--- Task instructions ---
Repeat every line of the data exactly; no picture belongs in the copy.

--- Information supplied ---
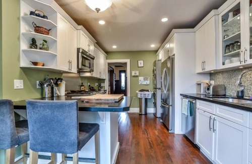 Guests will have full access to the space and amenities. Our guests will have full access to our spacious kitchen, equipped with a convection oven, gas range with large griddle, Kitchenaid mixer, food processors, complete complement of cooking and baking tools, and glass/flatware for hosting! Guests will also have full access to all household necessities (towels and sheets, of course, shampoo, soap, etc).
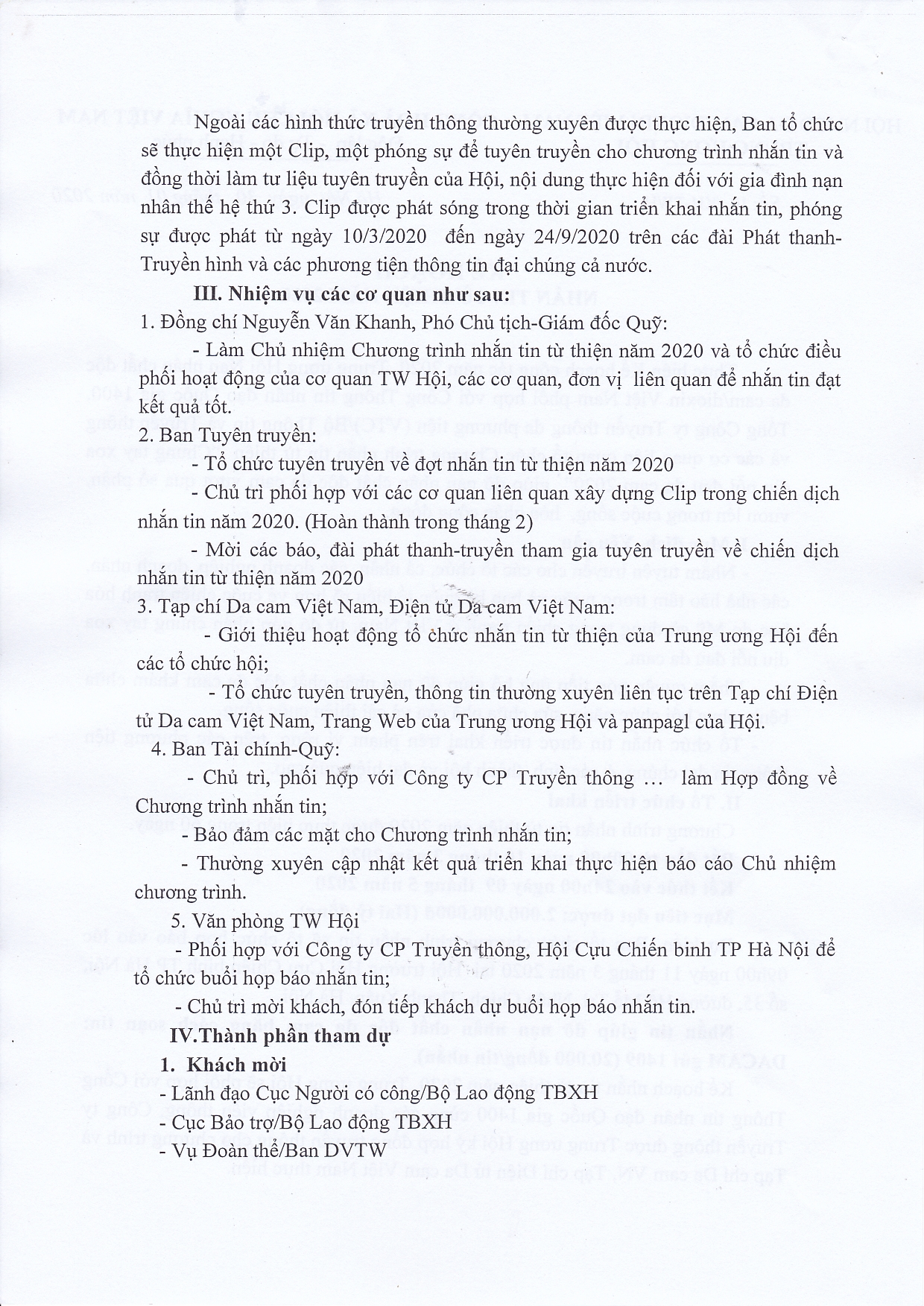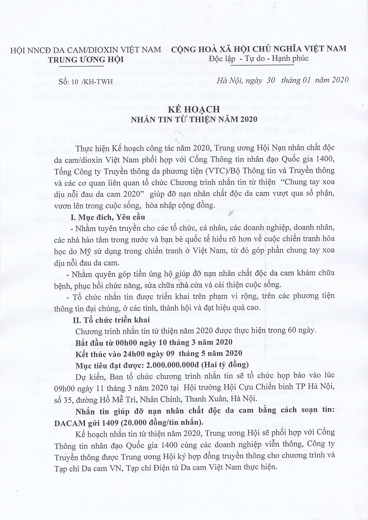 Kế hoạch Nhắn tin từ thiện năm 2020
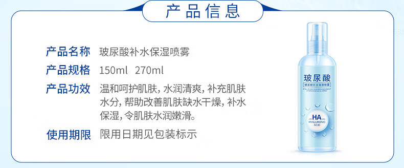 【精选直发】玻尿酸保湿喷雾保湿锁水面部肌肤护理爽肤水可 150ml
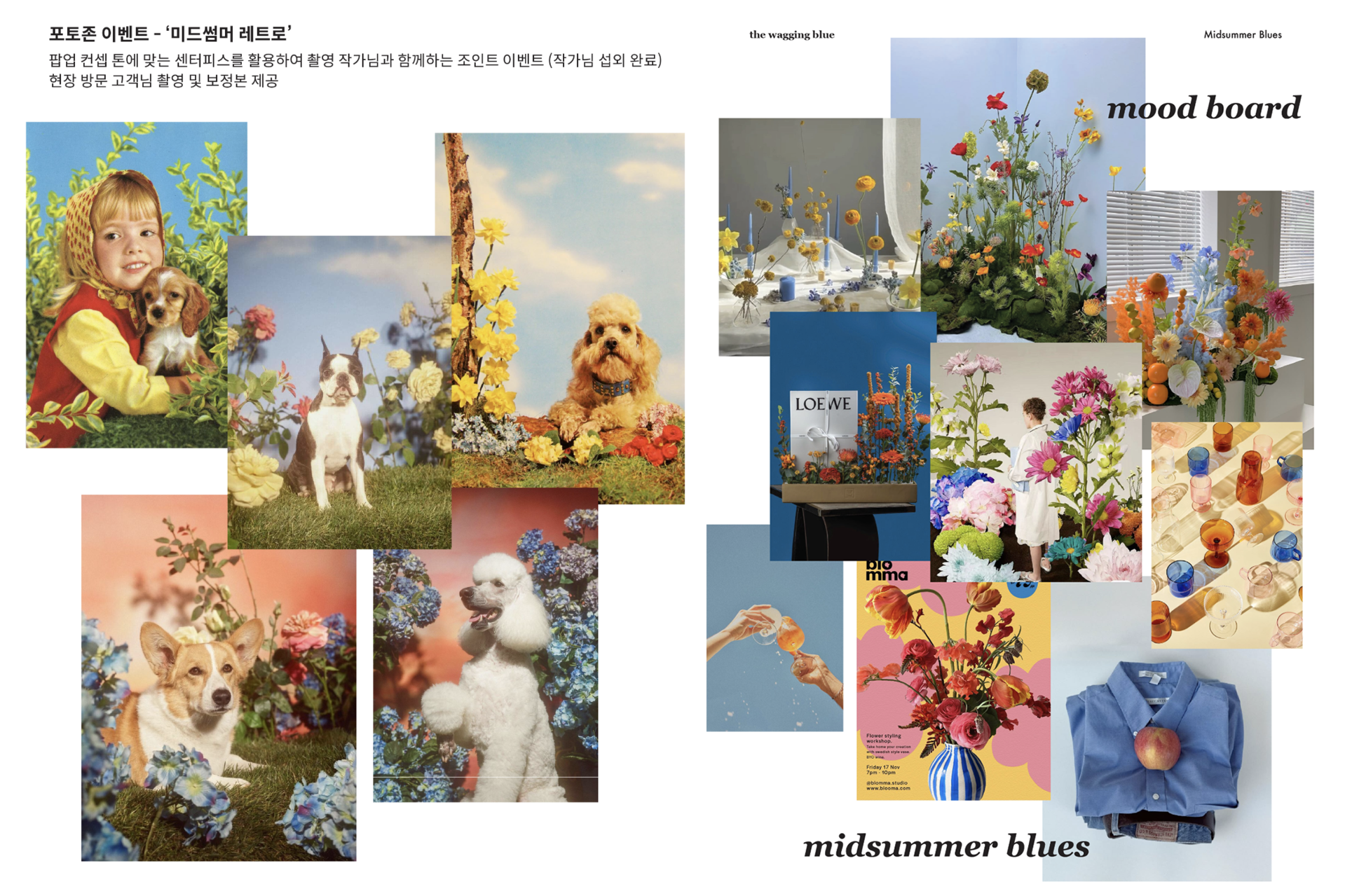 당시 무드보드로 이미지들을 모아보았는데 색감이 강한 꽃이 가득한, 즐겁고 편안한 무드가 떠올랐어요. “블루즈”는 더웨깅블루가 주최해서 진행하는 행사이기도 하고, 너무 더워서 슬프지만 함께 이겨내는 - 우울할 수 있지만 그 속의 아름다움을 전달하고픈 마음에서 잘 어울리는 서브 단어라 완벽했죠.

--- Solution for this problem ---
 Guests will have full access to the space and amenities. Our guests will have full access to our spacious kitchen, equipped with a convection oven, gas range with large griddle, Kitchenaid mixer, food processors, complete complement of cooking and baking tools, and glass/flatware for hosting! Guests will also have full access to all household necessities (towels and sheets, of course, shampoo, soap, etc).
 Kế hoạch Nhắn tin từ thiện năm 2020
 【精选直发】玻尿酸保湿喷雾保湿锁水面部肌肤护理爽肤水可 150ml
 당시 무드보드로 이미지들을 모아보았는데 색감이 강한 꽃이 가득한, 즐겁고 편안한 무드가 떠올랐어요. “블루즈”는 더웨깅블루가 주최해서 진행하는 행사이기도 하고, 너무 더워서 슬프지만 함께 이겨내는 - 우울할 수 있지만 그 속의 아름다움을 전달하고픈 마음에서 잘 어울리는 서브 단어라 완벽했죠.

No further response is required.